The Court relevantly held the following and dismissed the application for costs:
The DA Act and PDI Act both allow an applicant to amend, vary, or bring multiple development applications.
Seeking to retain or obtain a development approval and pursuing legal rights in respect of a development approval is a proper purpose.
The Court is inclined to adjourn proceedings:
where it is consistent with the achievement of just outcomes;
where parties to a proceeding are attempting to achieve a settlement; and
to enable an amended, varied, or fresh development application to be made.
The interlocutory applications made and adjournments sought in the Planning Appeal were legally open to the Respondent, and the Respondent was transparent about its consideration of making a fresh development application under the PDI Act.
The Respondent's decision to ask the Court to quash the Consent in order to make a fresh development application represents the intention of the Parliament in respect of the future of planning in South Australia.
Factual matrix and parties' positions
The Consent related to an integrated depot facility used for earthmoving, quarrying, and transport activities located at Stanley Flat, South Australia.
Prior to the Planning Appeal trial, the Court quashed the Consent as was requested by the Respondent for the Respondent to pursue a fresh development application under the PDI Act.
The Applicants relevantly submitted the following in respect of the Planning Appeal to support its allegation that the Respondent improperly acted to delay the decision of the Court:
A court-directed mediation was unsuccessful.
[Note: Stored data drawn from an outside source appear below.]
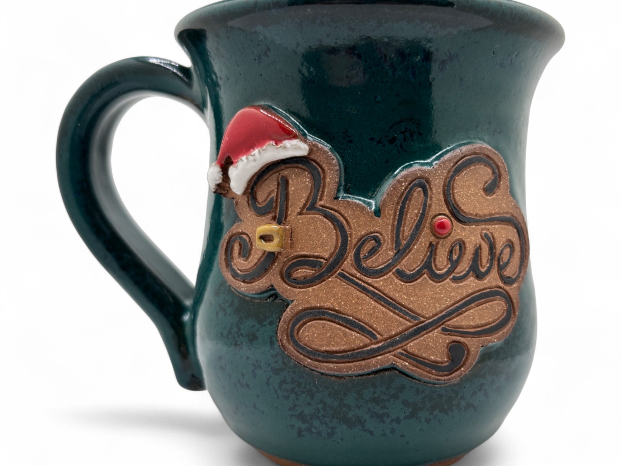 Sip the magic of Christmas with our hand-drawn “Believe” mug, featuring a Santa hat, buckle, and Rudolph’s glowing nose on a festive plaque! Glazed in a stunning emerald green, this 14-16 oz handmade beauty is your holiday must-have—perfect for cozy drinks and spreading cheer. Snag yours before Rudolph flies off!
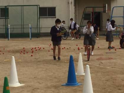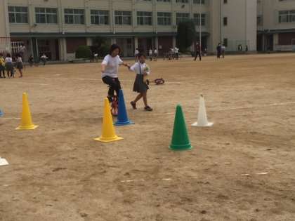 上手に乗れる人が多いのには驚きました。よく見ると担任の阿部先生もチャレンジしています。
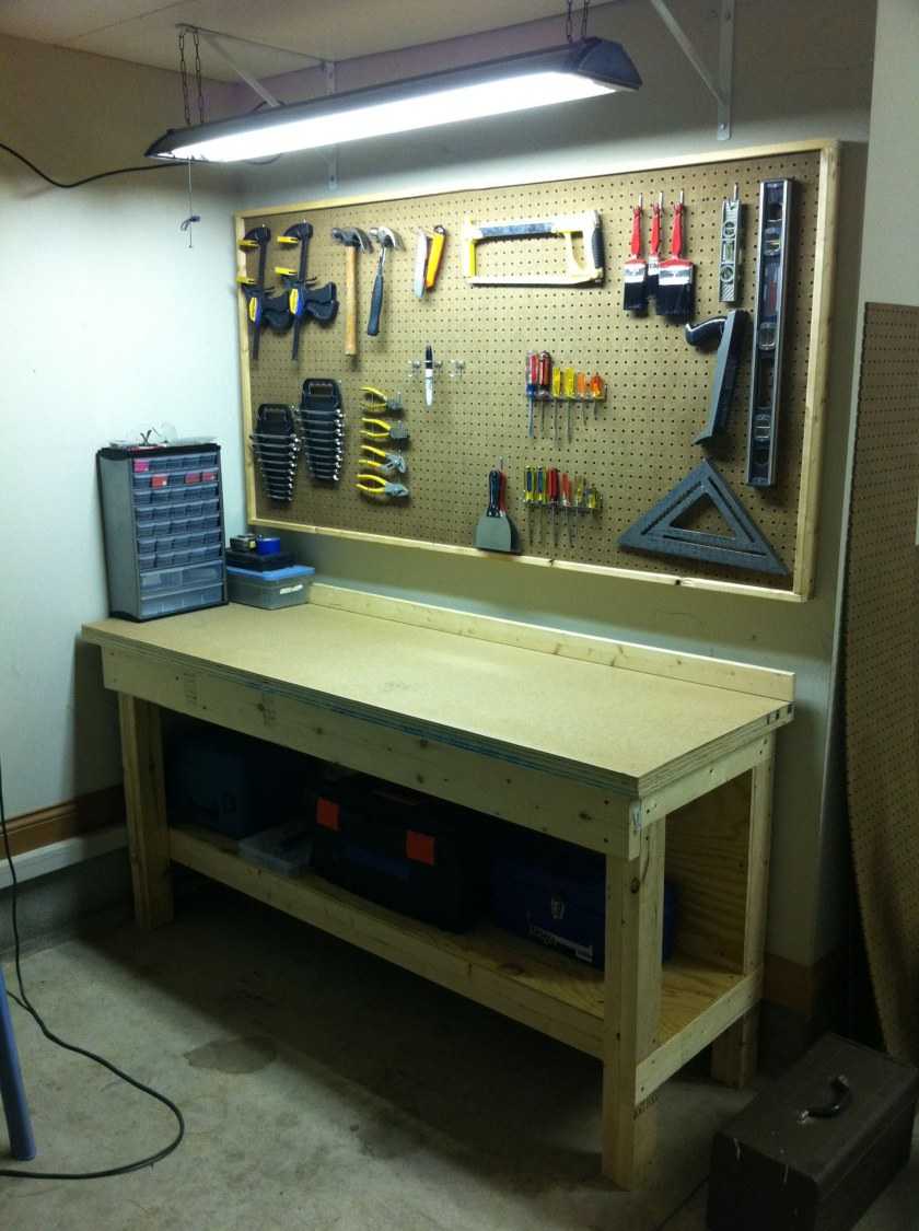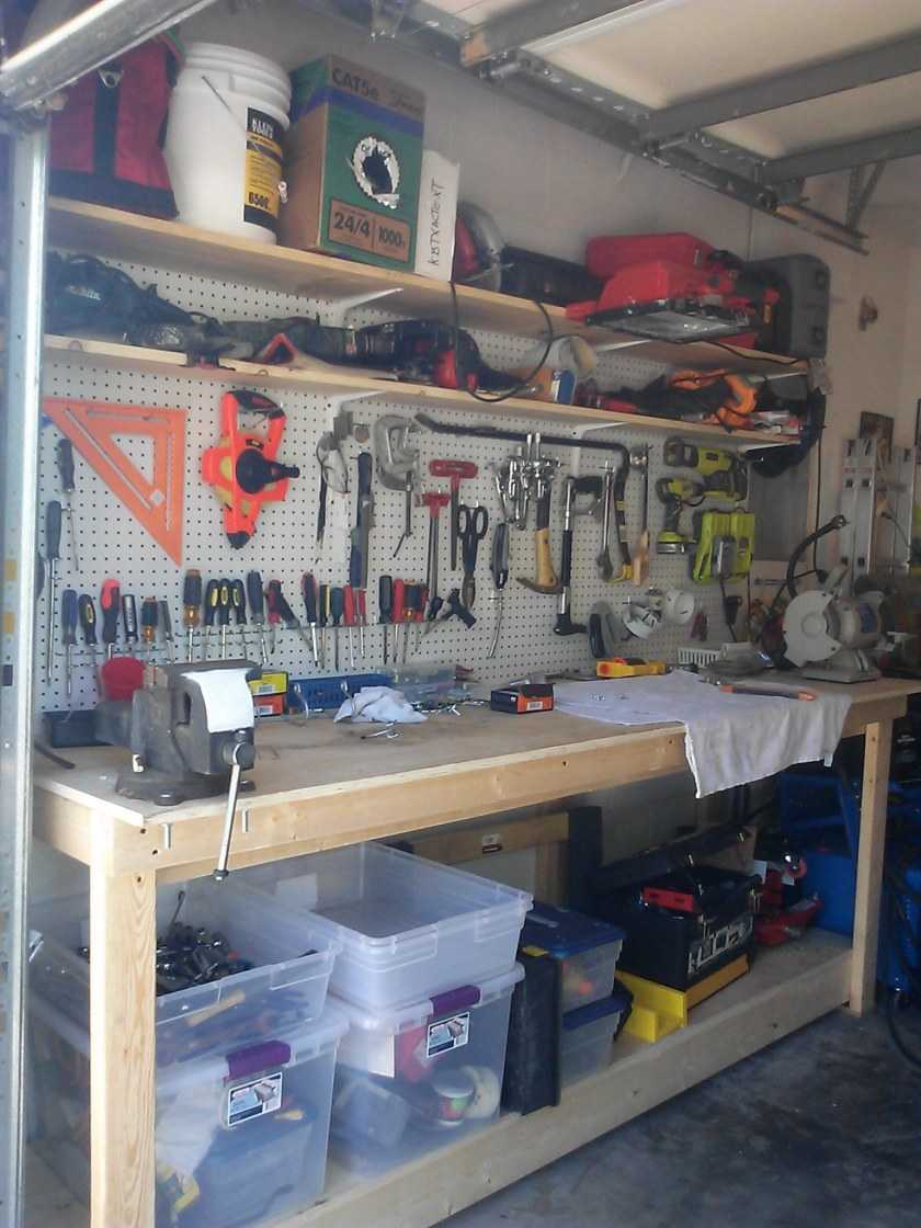 Гараж, как правило, имеет прямоугольную форму, а автомобиль не занимает всё свободное пространство. Поэтому можно обустроить рабочую зону с верстаками, полочками и инструментарием. Для запчастей, инструментов и приборов стоит выделить отдельные зоны.

An adjournment was made for the Respondent to consider its position under the PDI Act.
The Respondent made in March 2020 interlocutory applications seeking to dismiss the proceedings as an abuse of process or to obtain a summary judgment, which the Court declined to hear until the date of the trial.
The Respondent made an unsuccessful application to adjourn the trial.
The Respondent had sought the Court to quash the Consent the subject of the proceedings, approximately one-month prior to the trial.
Pursuing a legitimate legal interest does not amount to "misconduct" under section 29(6a) of the ERD Court Act
The Court's jurisdiction as a creature of statute is limited to that conferred under the ERD Court Act or another Act (at  and section 7(1) of the ERD Court Act). Where construing legislation which confers jurisdiction, the Court noted that a liberal approach must be taken and the ordinary meaning of words applied to the provisions of the statute (at ).
The Court examined the words of the DA Act and the ERD Court Act and held that both items of legislation envisaged and sought to facilitate the settlement of matters before the Court, including during the course of proceedings, where it was in the interests of justice.
The Court had regard to the Respondent's transparency in the Planning Appeal of its intention to make a fresh development application under the PDI Act, and the legitimacy of seeking to retain or obtain a development approval and to pursue legal rights in that respect.
The Court held that it was open to the Respondent to make the commercial decision to ask the Court to quash the Consent to pursue a development application under the PDI Act, as was contemplated by the DA Act and the Parliament's intention in creating the PDI Act.
In light of the Court's construction of the relevant legislation, and the pursuit by the Respondent of legitimate interests in respect of the Consent which were communicated to the Court and the parties, the Court held that the Respondent did not engage in "misconduct" within the meaning of section 29(6a) of the ERD Court Act and dismissed the application for costs.